------ Supplied data ------

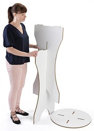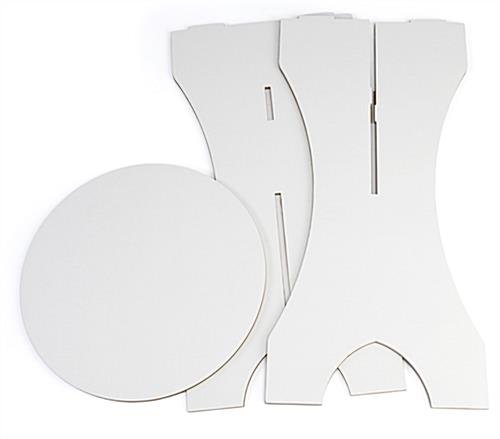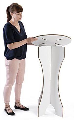 This cardboard bar table can be used at a trade show, party, or wherever you need an affordable cocktail-height surface. The double wall corrugated material makes this recyclable furniture very sturdy and durable. There is a smooth white surface on this 42” tall bar table which can be decorated or left plain. The modern and innovative 3-piece design can be taken apart and shipped flat for extra convenience. A bar table is the perfect piece of recyclable furniture for unique events.
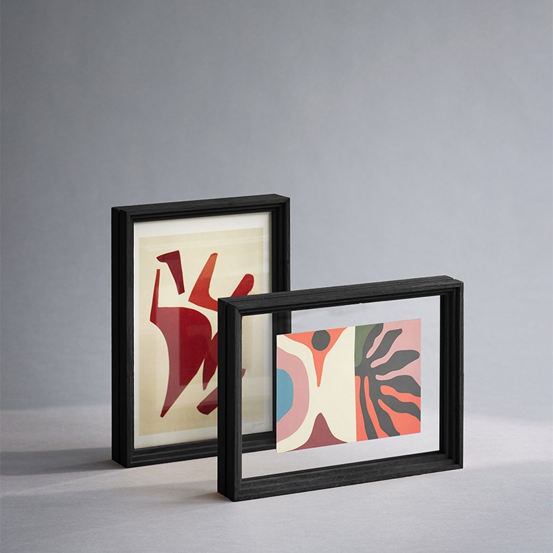 背板がクリアなのを生かして、フレームより小さいアートを入れて、透明な余白を楽しんだり、押し花や植物を挟んだり。
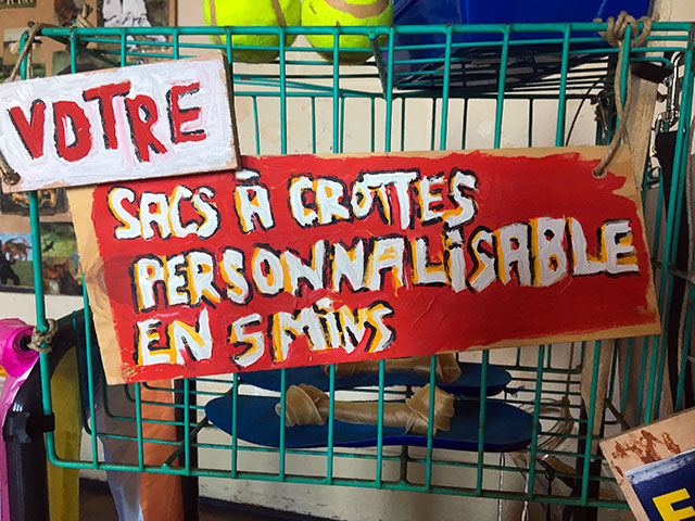 To earn a living and live his passion, he set up a shop selling customizable poop bags in parks. Between selling kibble and renting dogs to prevent loneliness on public benches, he paints animal portraits.
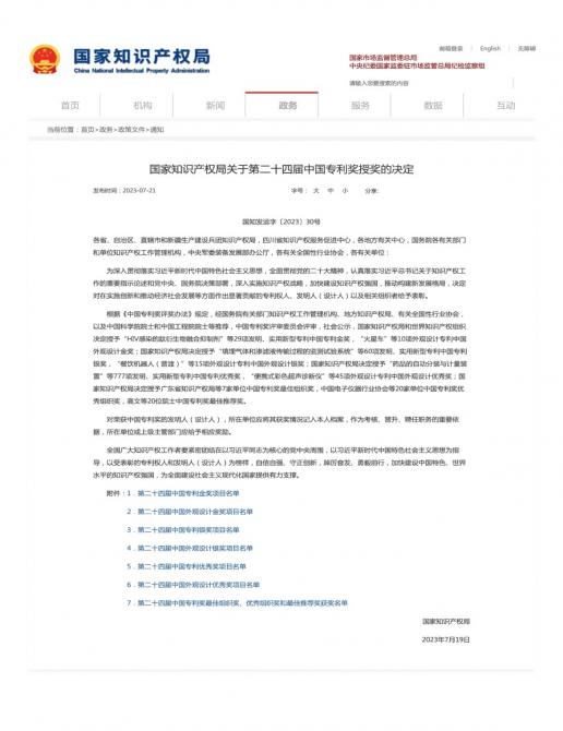 中國專利獎(jiǎng)是我國專利領(lǐng)域的最高獎(jiǎng)項(xiàng),由中國國家知識產(chǎn)權(quán)局和世界知識產(chǎn)權(quán)組織共同評選,是我國唯一對授予專利權(quán)的發(fā)明創(chuàng)造給予獎(jiǎng)勵(lì)的國家級獎(jiǎng)項(xiàng),代表著中國自主創(chuàng)新的最高水準(zhǔn),得到聯(lián)合國世界知識產(chǎn)權(quán)組織(WIPO)的支持與認(rèn)可,在國際上具有廣泛的影響力。

------

# Assignment:
Pictures stay out. Write out everything else in the material exactly.

# Reply:
 This cardboard bar table can be used at a trade show, party, or wherever you need an affordable cocktail-height surface. The double wall corrugated material makes this recyclable furniture very sturdy and durable. There is a smooth white surface on this 42” tall bar table which can be decorated or left plain. The modern and innovative 3-piece design can be taken apart and shipped flat for extra convenience. A bar table is the perfect piece of recyclable furniture for unique events.
 背板がクリアなのを生かして、フレームより小さいアートを入れて、透明な余白を楽しんだり、押し花や植物を挟んだり。
 To earn a living and live his passion, he set up a shop selling customizable poop bags in parks. Between selling kibble and renting dogs to prevent loneliness on public benches, he paints animal portraits.
 中國專利獎(jiǎng)是我國專利領(lǐng)域的最高獎(jiǎng)項(xiàng),由中國國家知識產(chǎn)權(quán)局和世界知識產(chǎn)權(quán)組織共同評選,是我國唯一對授予專利權(quán)的發(fā)明創(chuàng)造給予獎(jiǎng)勵(lì)的國家級獎(jiǎng)項(xiàng),代表著中國自主創(chuàng)新的最高水準(zhǔn),得到聯(lián)合國世界知識產(chǎn)權(quán)組織(WIPO)的支持與認(rèn)可,在國際上具有廣泛的影響力。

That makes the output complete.